A welcome return to The Guild and the X&Y Festival, Getintothis‘ Emma Walsh goes back to her student stomping ground for an evening of the best music from home and abroad.
Opening it’s brand spanking newly painted doors to Liverpool’s gig goers, The Guild played host to X&Y Festival. It was rather odd being back in the hub of Liverpool University, everything was so clean and fresh and shiny – we were relieved to find later that the downstairs toilets still look like something out of the Hostel horror series.
Thankfully things were a bit brighter on the Courtyard stage where Natalie McCool was warming up a sun soaked crowd in a room which might as well be a greenhouse. It’s still a surprise that a headline act like McCool ever graces a stage before the sun goes down at a festival not that seems to make a difference to her with a typically kick ass performance, Thin Air going down particularly well.
One little problem that made itself impossible to ignore at the shiny new Guild (apart from the lack of ice by 6pm) is the very obvious botheration of putting two stages in close proximity without any dead space in between to buffer out the clash of sounds making for a bit of a headache when two bands took to the two stages at the same time.
Black Mountain Light, a band of the Lumineers/Mumford variety delivered good old rustic folk with beards and blues harmonies that wouldn’t have been out of place on a Richmond Sausages advert, but as soon as the awesome Broken Men kicked off on the smaller stage next door, Black Mountain Light had lost our attention.
But who could blame us, Broken Men are boss. They make us swoon with their grunged up rock and a voice that Tom Smith of Editors aspires to match, and here in their dream team formation with Natalie McCool they’re the first act to really grab the audience by the proverbials and fill that dreaded vacuum just in front of the stage.
As the evening got going we were treated to standout performances from Matthew and the Atlas in Mountford Hall and Racing Glaciers in the Courtyard, but few could match up to the pretty phenomenal set from Catfish and the Bottlemen. This was starting to feel like a real festival with a jam packed Mountford Hall, crowd surfers, strobe and girls atop of boyfriends’ shoulders. Big tunes Pacifier and Kathleen were welcomed with outstretched open arms and choral approval creating that long awaited X&Y buzz.
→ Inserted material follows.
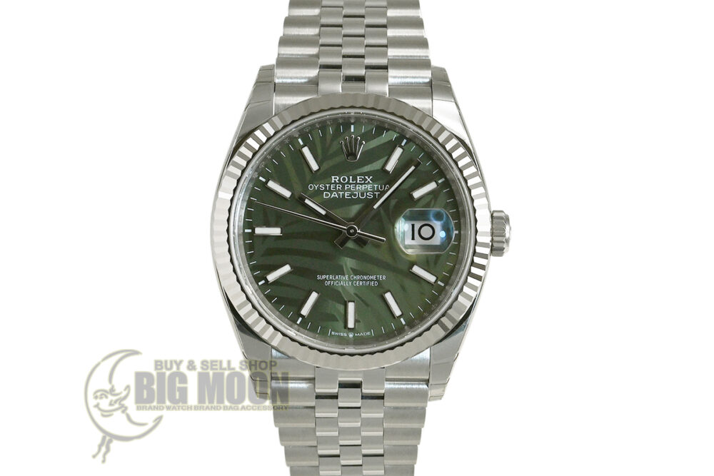 | コメント | 流行に左右されない美しさと機能を兼ね備えたロレックス・クラシック ウォッチ「デイトジャスト」、小振りなケース径36mmサイズモデルです。K18ホワイトゴールド製フルーテッドベゼルにジュビリーブレスがとてもエレガントで、オリーブグリーン、パームモチーフダイアルが特徴的です。ロレックス完全自社製造の高精度クロノメーターキャリバー3235を搭載しています。ケースサイド、裏蓋、バックルに透明保護テープの付いたままの未使用の状態です。 |

From here it just stayed special with Little Comets kicking up a socially conscious storm over in the Courtyard. There’s something bright and vibrant about Little Comets despite the sharp, unforgiving grit of the subject matter (one of their stand out songs, Violence Out Tonight, is about rape and victim-blaming). The lyrics of A Little Opus were particularly at home in The Guild, a song which berates the elitism of the political class (“I’d rather starve than become a member of your old boys club, sooner depart than see the ascension of the Bullingdon”). It was all over too soon. Thankfully, they’re coming back in October for another love in at The O2.
Canadian indie folkers Half Moon Run drew the night to a close in Mountford Hall and as charming to tired ears as their cottony tones and arrangements were, once we’d heard Full Circle the big player in their repertoire we had regressed full circle to a student stereotype, sinking a (not so cheap anymore) cider and going in search of something deep-fried.
First Class Honours for X&Y. A welcome back to Mountford Hall and The Guild, but comforting as the familiarity of skanky toilets was on our long overdue return, a lick of paint wouldn’t go amiss in the bogs either.